An Open Letter from a Dirty Nympher

I'm filthy. I'm unwashed. I'm a piscatorial heathen. I should be ostracized from the clan; banned forever from the faithful fraternity of fly flingers. I'm a highsticker. I'm a shortliner. I'm a dirty ass nympher, and apparently, I'm only half a step removed from bait dunkers on the angling evolutionary scale.

Bug chuckers are an odd bunch. Many of us consider ourselves a step removed - if not a step above - other anglers. We like to think that our preferred manner of angling involves more skill than most other methods of putting fish in the boat. It is for this reason, and the propensity for bug chuckers to pass judgment on other anglers, that we are often labeled as elitists. I sometimes think that the term elitist - suggesting that one is of the upper echelon, the hierarchy, the elite - must have been coined by a fly fisherman who reveled in his own snobbery. Any normal person would have used simpler words.



And make no mistake. It is snobbery and pretension to assume that one's way of doing things is the only proper way of doing things, especially when discussing something as subjective as fly fishing.

This pretension has of late resurfaced and come to the forefront of a seemingly perpetual debate about steelhead angling, and the variety of methods employed in chasing this fine sport fish. Some argue that the noble steelhead should be pursued solely with two-handed rods and sparsely hackled spey flies. To do otherwise, these folks contend, isn't worthy of either the fish or the fisherman. Nymph fishermen like myself - especially those of us who use indicators - aren't really fly fishing at all. We're bobber fishing.

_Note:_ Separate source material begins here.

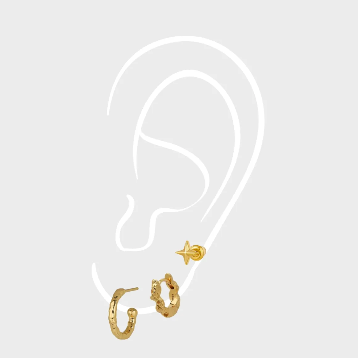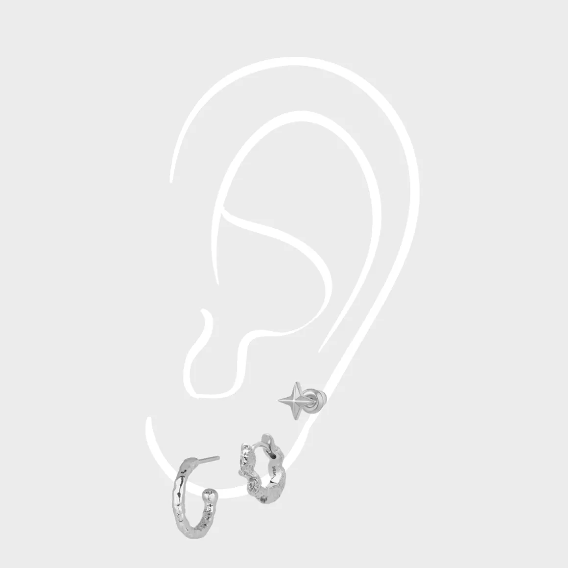 OBS! Sættet består kun af 3 individuelle øreringe, så ønsker du 3 øreringe til hvert øre, skal du bestille 2 par
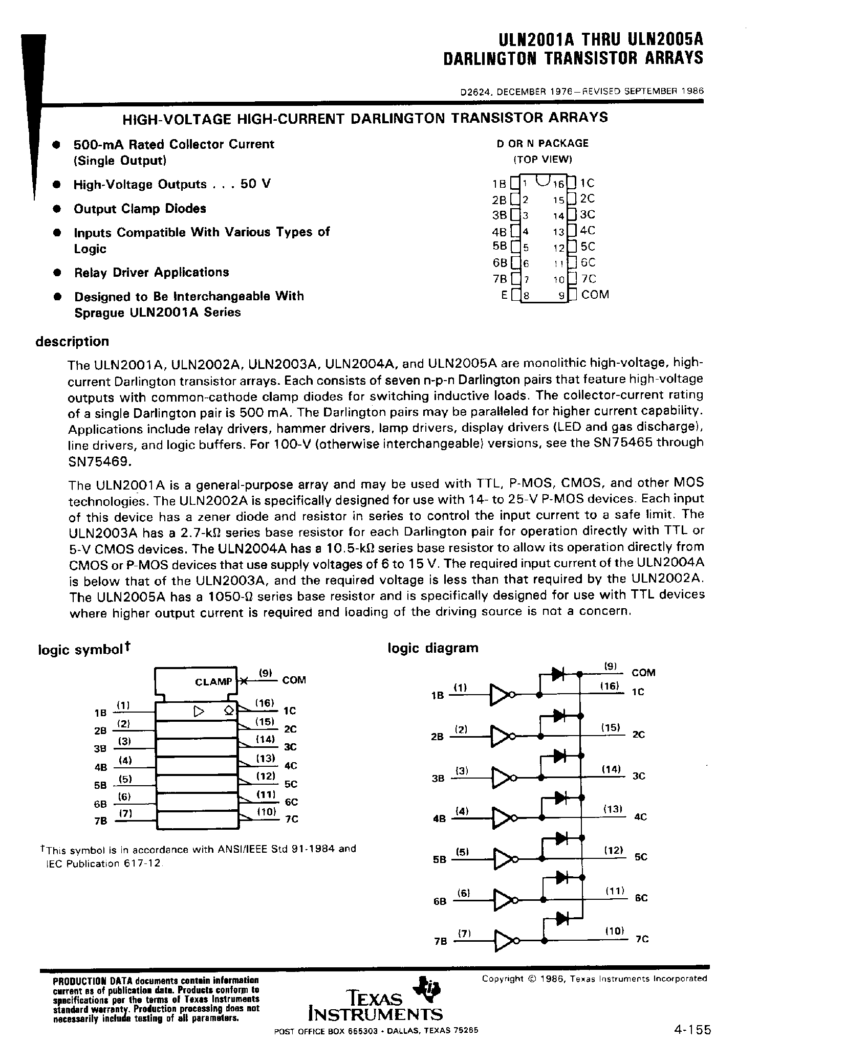 ULN2005A-(ULN2001A - ULN2005A) Darlington Transistor Arrays

Of course, this argument is all so much nonsense. While swinging a fly is certainly less productive than nymphing, it is no more difficult a skill to master. Regardless of the method, one must cast, mend, and drift his or her fly in such a manner as to elicit a pull from an otherwise lock jawed winter fish. This is the essence of fly fishing. On each drift, we hope to raise a luminescent, acrobatic ghost that will burn our drags and run us into the backing. More than anything that separates us, it is this incessant hope that should bring steelhead anglers together, but it does not. Nowhere is this divide more evident than between those folks who are fortunate to call the Olympic Peninsula home, and those of us who cut our teeth on the Great Lakes.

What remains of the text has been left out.